И если Платона Климова с огромным трудом уговорили согласиться, то Эвенштейн, командовавший в Сталинграде пулеметным взводом, ответил генералу - « Я звания сам себе не присваивал, мне его дали на фронте!
Прошу снова отправить меня на передовую».
Иванов только улыбнулся и пожал плечами, мол, действуй, как считаешь нужным.
Эвенштейну вернули его справку о выписке из госпиталя, единственный документ в котором было официально указано его лейтенантское звание. Эвенштейн сам добрался до Степного фронта, прибыл в отдел кадров и попросился на передовую, в разведку.
Зиновий Эвенштейн стал командиром разведвзвода, а после и роты, участвовал в 34 разведпоисках, имел на личном счету 22 захваченных «языка».
В конце 1944 года гвардии лейтенант Эвенштейн вернулся на учебу в ВММА с четырьмя орденами на груди и несколькими нашивками за ранения.
Он молча зашел в кабинет начальника ВММА и положил ему на стол свою боевую офицерскую характеристику, в которой был номер приказа от 10/1942 о присвоении первичного офицерского звания,описание боевых заслуг разведчика, и отдельно шла запись о том, что лейтенант Эвенштейн дважды представлялся к званию Героя Советского Союза.
И как отреагировал на этот документ начальник академии мы так и не узнали…
Г.К. - Сколько времени Вы пробыли в госпитале после ранения на Невской Дубровке?
К.А.Н. - Из эвакогоспиталя НОГ меня вывезли в хирургическую клинику ВММА, а оттуда, по «Дороге жизни», я был переправлен на «Большую Землю».
Оказался в Кирове, в Центральном военно-морском госпитале.
В этот город вскоре прибыла и моя ВММА, эвакуированная из Ленинграда.
Поскольку у меня в сопроводительных бумагах было записано - « звание и должность - командир роты 4 -ой От.Бр. МП», то меня, по ошибке, поместили в палату для комсостава.
Палата на четверых. Рядом со мной лежали на койках - мичман с торпедных катеров КБФ с переломами обеих ног, подорвавшийся вместе со своим катером на морской мине. Вторым был капитан артиллерист, командир береговой батареи с полуострова Ханко, с ранением в бедро.

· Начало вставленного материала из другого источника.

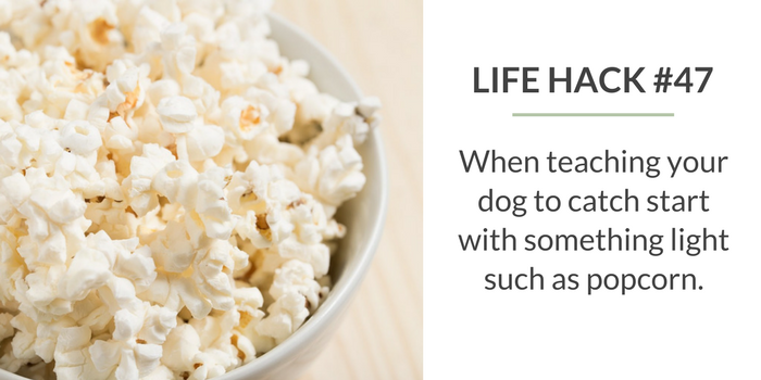 If your dog doesn’t know how to catch don’t start by throwing a toy at their face. Popcorn works great for training dogs to catch because it’s light & yummy which makes it enticing enough for your dog to try and catch it.

А третьим товарищем по палате оказался старший лейтенант, летчик- истребитель Захар Сорокин, воевавший до ранения в истребительном полку на Северном флоте. Сорокин уже считался воздушным асом и имел на счету восемь сбитых немецких самолетов. Поздней осенью 1941 года Сорокин был сбит в воздушном бою над Баренцевым морем, успел сбить в своем последнем бою один немецкий бомбардировщик и таранить истребитель противника. Когда Сорокин сел на вынужденную посадку, то рядом с ним приземлился подбитый им бомбардировщик, из которого вылезли два немецких летчика.
Сорокин одного из них застрелил из ТТ, а второго, набросившегося на него с финским ножом, он одолел в рукопашной схватке и зарезал…
Потом Сорокин долго шел к линии фронта. Провалился в полынью, обморозил ноги и дальше смог только ползти. Ему удалось доползти до поста СНИС СФ.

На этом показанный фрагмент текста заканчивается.